Sorry about that, got carried away for a moment. Pardon a brief pause to regain my professional composure.

Now: here in the USA, there are plenty of prescription drugs, and my responsibility and professional training is to use them wisely when needed, balancing their risks and benefits, and guiding families on their safe use. I counsel, we decide, I prescribe, and the responsibility for the decision is mine. Fine.

But there is another class of medications, so-called “Over The Counter” (OTC) meds. In their wisdom, the FDA determined that any shmo can buy these. Their labels are designed to clearly explain the dosing and side effects. Sure, some of them can cause problems if used incorrectly, but they’re generally quite safe. I recommend them all the time, and I’m happy to discuss their use with families.  Pharmacists can also be a great resource to discuss which OTC meds are most appropriate, and how to use them.

A new provision in the zillion-page new health care legislation allows families to spend money from their Health Savings Accounts on non-prescription medications. Fine. But the rub: they require a prescription from me.

To save a family a few bucks in taxes, my staff and I have to generate an OTC “prescription.” That means we’re responsible if there is an adverse event, and we’re responsible for making sure the dose is correct, etc.

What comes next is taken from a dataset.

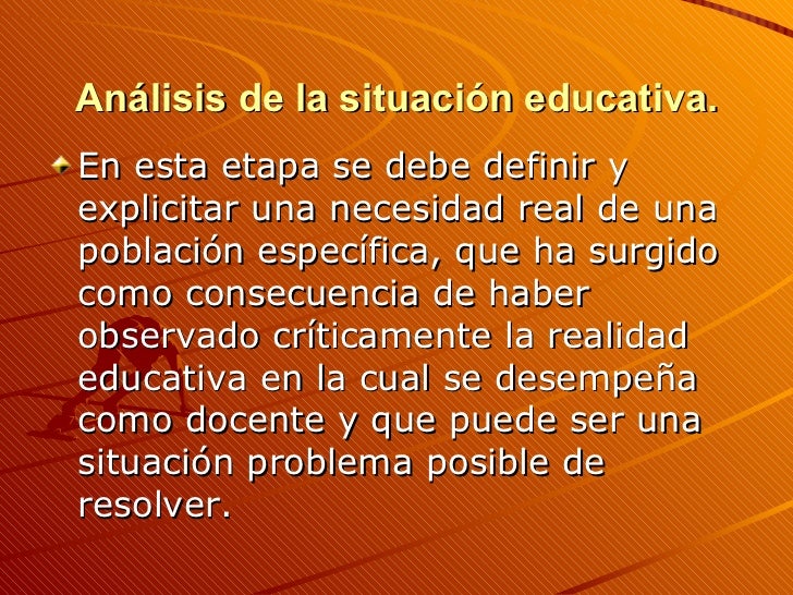 - 18. Análisis de la situación educativa. <ul><li>En esta etapa se debe definir y explicitar una necesidad real de una población específica, que ha surgido como consecuencia de haber observado críticamente la realidad educativa en la cual se desempeña como docente y que puede ser una situación problema posible de resolver. </li></ul>

It’s a considerable amount of time to deal with the phone calls, look at the charts, document the dose, document the conversation—and, since I don’t charge for phone calls, all of this is at my expense. I suppose I could require an in-person (that is, billable) encounter before writing a prescription for a non-prescription drug—but that just compounds the stupid. Does everyone who wants to give a non-prescription drug to their child actually need to see their doctor first? Of course not.

These are my choices:

1.     I could refuse to write prescriptions for OTC drugs. No expense, no added liability for me. Of course, that makes me grade-A jerkface pediatrician in the eyes of my patients.

2.     I could insist on in-person, billable visits prior to writing these prescriptions. Perhaps during these encounters we could read the labels together. It will make money for my practice, but it’s a waste of everyone’s time, and will make me seem like a grade-A jerkface.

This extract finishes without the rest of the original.